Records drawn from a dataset
——————

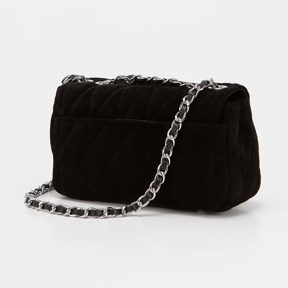 Сумка от торговой марки Francesco Molinary выполнена из натуральной замши черного цвета. Модель с ремнем-цепочкой. Декорирована стежкой. Клапан на поворотном замке закывает два отделения. Внутри: текстильная подкладка, карман на молнии, накладной карман.
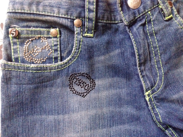Джинсы I Pinko Pallino, новые, только бирки срезали. Покупала поздней осенью, думала на весну-лето в садик, но увы кнопка на нашей талии не сошлась:(( Очень оригинальные джинсики с яркой прострочкой и аппликацией, стиль свободный, бананчиками, стеснять движение не будут, на кнопке. Есть утяжка на талии.
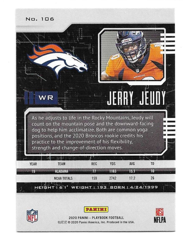 2020 PANINI PLAYBOOK #106 JERRY JEUDY (RC)
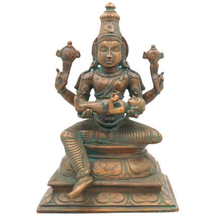 Bronze Parvati Idol Sitting – Panchaloha Shivagami Murti | Adi Shakti Sculpture | Handcrafted Bhoga Shakti Girija Statue, Brown, 6.5 Inch, 1 Piece
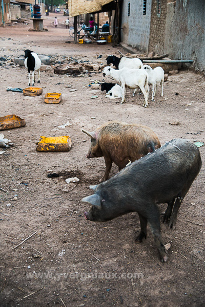 Boromo (Burkina Faso) mars 2014 : Cochons qui vivent dans la rue.
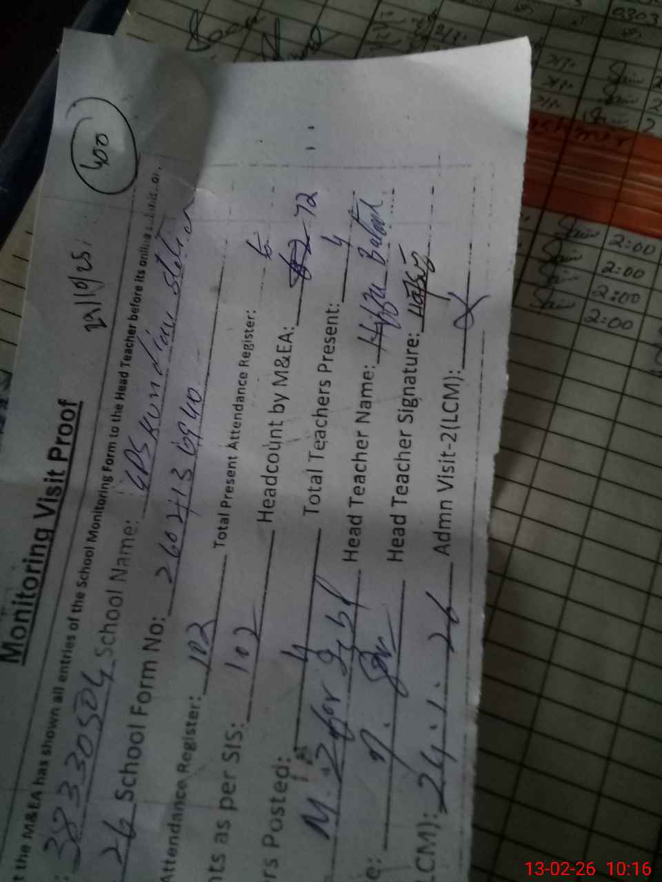 | Attendance Register | Head Teacher | MEA with School | Visit Proof |

——————

## Task
I'd like the records above given again exactly, please, without the pictures.

## Answer section
 Сумка от торговой марки Francesco Molinary выполнена из натуральной замши черного цвета. Модель с ремнем-цепочкой. Декорирована стежкой. Клапан на поворотном замке закывает два отделения. Внутри: текстильная подкладка, карман на молнии, накладной карман.
Джинсы I Pinko Pallino, новые, только бирки срезали. Покупала поздней осенью, думала на весну-лето в садик, но увы кнопка на нашей талии не сошлась:(( Очень оригинальные джинсики с яркой прострочкой и аппликацией, стиль свободный, бананчиками, стеснять движение не будут, на кнопке. Есть утяжка на талии.
 2020 PANINI PLAYBOOK #106 JERRY JEUDY (RC)
 Bronze Parvati Idol Sitting – Panchaloha Shivagami Murti | Adi Shakti Sculpture | Handcrafted Bhoga Shakti Girija Statue, Brown, 6.5 Inch, 1 Piece
 Boromo (Burkina Faso) mars 2014 : Cochons qui vivent dans la rue.
 | Attendance Register | Head Teacher | MEA with School | Visit Proof |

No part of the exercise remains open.